Atheodicy: The Problem of Evil without God October 28, 2020

 

“Theodicy” is the philosophical and theological treatment of the Problem of Evil, how to reconcile the reality of evil and suffering with the existence of a righteous, omnipotent God.  But if, as some conclude, there is no God, the Problem of Evil remains.  Indeed, it intensifies, to the point of becoming unbearable.  This is the challenge of “atheodicy.”

So says University of San Diego law professor Steven Smith in his Public Square article entitled Injustice, Outrage, and the Problem of Atheodicy.

Using the classic form of a philosophical dialogue, Prof. Smith first discusses theodicy.  If God exists, then evil and suffering must be explained in terms of its having some kind of meaning, purpose, or redemptive significance.  But if God does not exist, evil and suffering can have no meaning or purpose and there is no redemption.

A sampling:

I wanted to start with theodicy because atheodicy is its mirror image, so to speak.  It’s the problem of how to account for evil and injustice in a universe without God.”

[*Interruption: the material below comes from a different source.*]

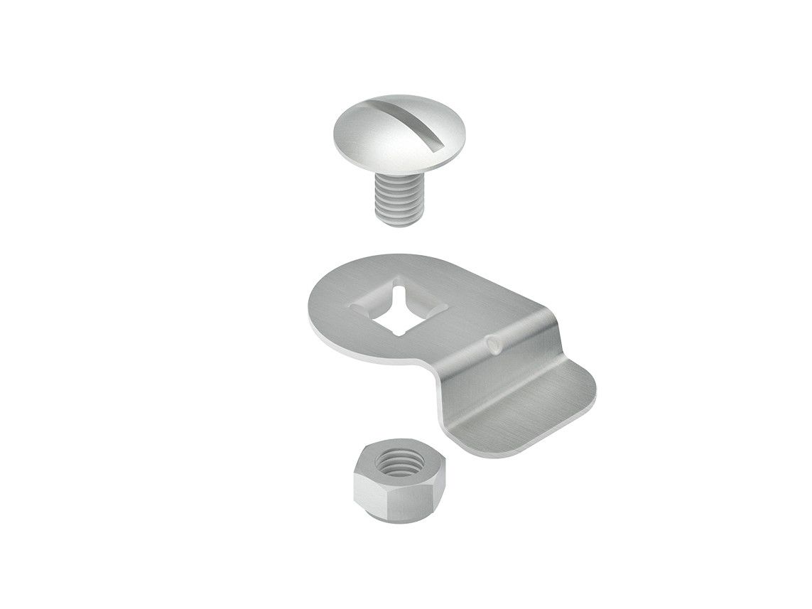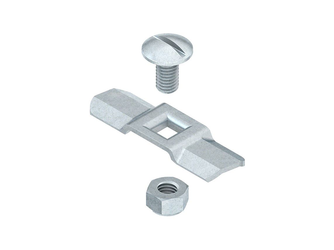 Drehriegel, zum nachträglichen bzw. zusätzlichen Einbau in Formstückdeckel von Kabelrinnen sowie für Formstückdeckel des begehbaren Kabelrinnensystems, für Verteilerrinnendeckel sowie für Weitspann Anbau T-Stück Deckel, einschließlich galvanisch verzinkter Flachrundkopfschraube mit Schlitz FL 6X12-S DIN 603 und galvanisch verzinkter Sicherungsmutter SMS 6 DIN EN ISO 10511. Eine Verwendung im Außenbereich, bedingt durch äußere Einflüsse wie z.B. Windlasten, ist nur mit einer zusätzlichen Sicherung (selbstschneidende Schrauben, Stahlband etc.) möglich. Bei der Befestigung ist darauf zu achten, dass ein Mindestabstand von = 50 mm zum Deckelanfang/-ende eingehalten werden muss. Des Weiteren ist zu beachten, dass der Schraubenkopfschlitz fluchtend mit der Befestigungslasche der Drehriegelplatte montiert wird. Dadurch wird eine spätere Kontrollmöglichkeit für das ordnungsgemäße Verschließen (Stellung des Schraubenkopfschlitzes) aller vorhandenen Drehriegel am Deckel gewährleistet. Verwendung für : Formstückdeckel von Kabelrinnen Formstückdeckel des begehbaren Kabelrinnensystems Verteilerrinnendeckel RDSV 50, RDSV 100 Weitspann Anbau T-Stück Deckel WTARDV ... Lieferung : unmontiert und lose Werkstoff Riegel :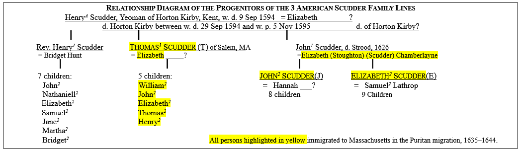 Thomas Scudder (T), John Scudder (J), Elizabeth (Scudder) (E) Lathrop and our common English ancestor Henry Scudder

“I don’t see why that is a problem.  If there is no God, then evil just is.  It doesn’t have to be reconciled to anything.”

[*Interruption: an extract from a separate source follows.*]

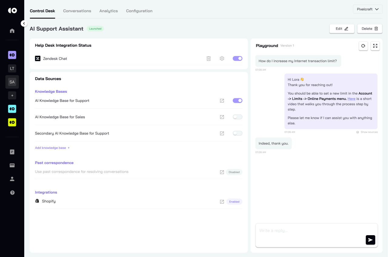 A unified command center for managing every aspect of AI-powered customer support. Integrations, knowledge sources, AI performance, and automation rules are instantly accessible in one place. Teams can launch or pause the AI Assistant, connect help desk systems such as Zendesk, sync customer data, and monitor how accurately the AI handles real conversations. Everything is visual, controlled with toggles, and designed for seamless oversight — enabling fast deployment and continuous optimization without engineering effort.

“Maybe.  And actually, that might be the most logical reaction to an atheistic universe.  In fact, that is the attitude we often take to the natural, non-human world—the world of animals. We see all kinds of pain and violence—but not evil, exactly, or injustice.  We don’t feel moral outrage against wolves for eating deer or sheep.  That’s just how things happen to be constituted.  If we care about animals, of course, we may try to reduce their suffering, because suffering is still undesirable.  But it isn’t unjust.  It isn’t evil, in the core sense of the term.

“And I suppose in theory we could take the same attitude toward evil in the human sphere.  But hardly anyone does that, or can.  Because it seems that we are constituted with a moral sense, or a sense of injustice.  (As you know, some people like C. S. Lewis have tried to use this fact as the basis for an argument for God; but let’s not go there for now.)  Maybe it’s innate; maybe it’s the result of centuries of living in societies grounded in biblical ideas.  Either way, we do seem to have a moral sense, or a sense of injustice.  And so we look at the world, and we are convinced that there are rampant evil and injustice.  Not just pain.  Real injustice.

“So then, how are we supposed to regard this injustice?  In a world without God, there is no ultimate purpose in the injustice.  And there is no possibility of any ultimate providential redemption.  It is just raw, rank, irrational injustice.  And so what is the appropriate reaction?  Outrage!  (And perhaps also despair.)  The world is just shot through with injustices, and there is no justification for it being the way it is.

One option would be Nietzsche’s:  accept the lack of moral reality and embrace the values of “the natural, non-human world.”  That is, as he conceived it, following Darwin, the survival of the fittest.  We can become like wolves, eating deer and sheep.

Or, if we recoil from this, we can conclude that morality has meaning and God exists after all.